I'm planning a long way ahead but I'm thinking about having a foal from a lovely Irish Draught mare we've just bought.  

Are there any IRISH Irish Draught stallions that have a tendency to produce foals that grow bigger?  

She's 17.1hh - very quality - and we'd like to breed something for my OH so has to be 17hh++. 

Any thoughts?


----------



## JanetGeorge (26 April 2017)

Most stallions can surprise you by producing a tiddler when you have reasonable expectations of something rather bigger, lol, but I think the one I've experienced who has consistently produced BIGGER foals than I expected from that mare is Avanti Amorous Archie.  His biggest surprise (to date) was called King of Hearts ex a mare i THOUGHT I knew well.  I bred her, and had 2 full sisters to her and a half sister.  ALL the mares were 16.1 - their mother was 16hh.  And none of them had produced foals over about 16.3. So I THOUGHT Princess's first foal by Archie might be 16.2 - 16.3.  He was 17hh when I sold him at 4 - he's now 6 and 17.3 - I wouldn't be at all surprised (much) if he finishes over 18hh.  

But look at your mare's bloodlines.  Princess's sire was a BIG 17hh stallion I had for many years.  He lives on in his daughters.  Princess then went to my 'little' Irish Draught stallion (only 16.1) and her 4yo by him is heading fast towards 17hh.  And her 3yo is already 16.2!


----------



## kamili (26 April 2017)

yes, however it can be hit and miss.
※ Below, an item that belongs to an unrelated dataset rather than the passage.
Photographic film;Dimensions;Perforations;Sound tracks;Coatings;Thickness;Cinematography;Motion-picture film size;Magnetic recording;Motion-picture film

I know a gorgeous Irish Draught Stallion (based in Ireland though)
who has produced big horses. He is big himself, however it does depend on the mare. He's jet black too.
He's called Glenanareen Prince and he's 16.3 himself.
http://www.sporthorse-data.com/d?i=10518537


----------



## spacefaer (26 April 2017)

Thanks - the mare is 17.1 and by Star Kingdom out of an All the Diamonds/Crosstown Dancer mare. We have her (sort of)uncle who is half brother to Star Kingdom, both being by Annaghdown Star. He is just over 17.3 and a proper heavyweight. We would like to breed something with more bone, more substance, than her - she is quite sporty, but keeping the family's fabulous temperament. She moves amazingly - more like a warmblood than a draught - and has a great jump.
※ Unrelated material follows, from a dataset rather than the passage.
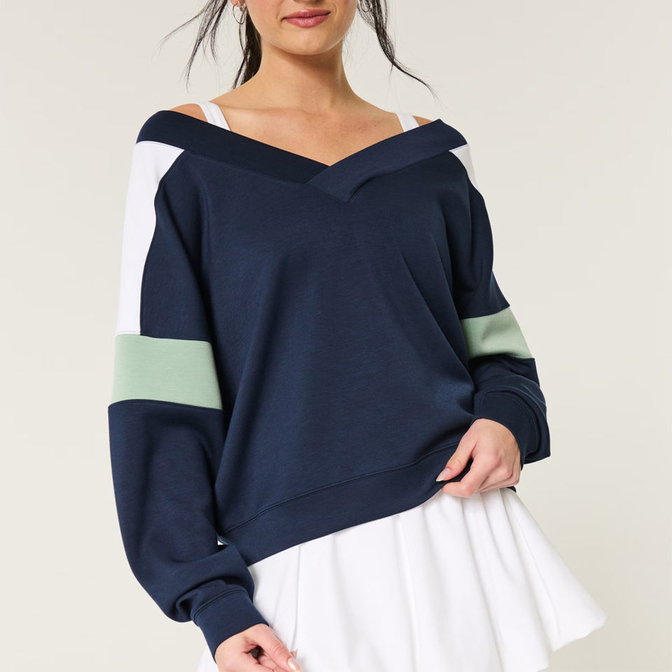 เสื้อสเวตเตอร์ขนแกะไซส์ใหญ่พิเศษสำหรับผู้หญิง, เสื้อมีฮู้ดสไตล์สตรีทแวร์เสื้อสเวตเตอร์คอวีเปิดไหล่ปล่อยชาย

I've looked at AAA and while he's a lovely stamp of horse, from his pictures, he doesn't look to have as much bone as I'd like. We want to produce a hwt, not a mwt.

kamilli - 16.3 isn't big lol!


----------



## kamili (26 April 2017)

spacefaer said:



			kamilli - 16.3 isn't big lol!
		
Click to expand...

Stand beside this fella and say that, I would't have put him at 16.3 as he's very tall and very well set. 
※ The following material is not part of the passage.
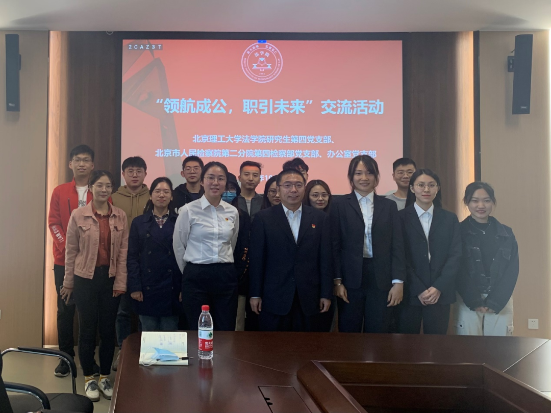 为贯彻落实党中央、国务院“稳就业”“保就业”决策部署,为毕业生搭建交流平台,助力毕业生实现更充分的就业,法学院将毕业生就业工作作为“我为群众办实事”的重要内容。2021年10月12日下午1:30,法学院研究生第四党支部联合北京市人民检察院第二分院第四检察部党支部、办公室党支部于北京理工大学(良乡校区)东区文三楼北廊 306-307 会议室开展了“领航成公,职引未来”交流活动,邀请北京市人民检察院第二分院的工作人员为法学院学生讲解检察院工作职责和运行架构,以及公务员考试备考经验和法学类公务员发展前景与待遇。

Point I am making is that he has produced 17hh and bigger draughts quite regularly. With good temperaments too.


----------



## JanetGeorge (26 April 2017)

spacefaer said:



			I've looked at AAA and while he's a lovely stamp of horse, from his pictures, he doesn't look to have as much bone as I'd like. We want to produce a hwt, not a mwt.

kamilli - 16.3 isn't big lol!
		
Click to expand...

He was graded at 3 - and measured 9 3/4" then - he'd be at LEAST 10" now.  Bone is not something he lacks, believe me (and I've had 27 foals by him - so I DO know, lol.)

How old is your mare - and has she foaled before?


----------



## AdorableAlice (26 April 2017)

Archie has plenty of bone and several HW show horses competing now.  Tower Bridge, Annies Archie were in the HOYs ring together.

Archie is by Crosstown Dancer which you already have in your mare.  CD was a prolific getter of show stock, but I am not sure how wise it would be have such a close mating.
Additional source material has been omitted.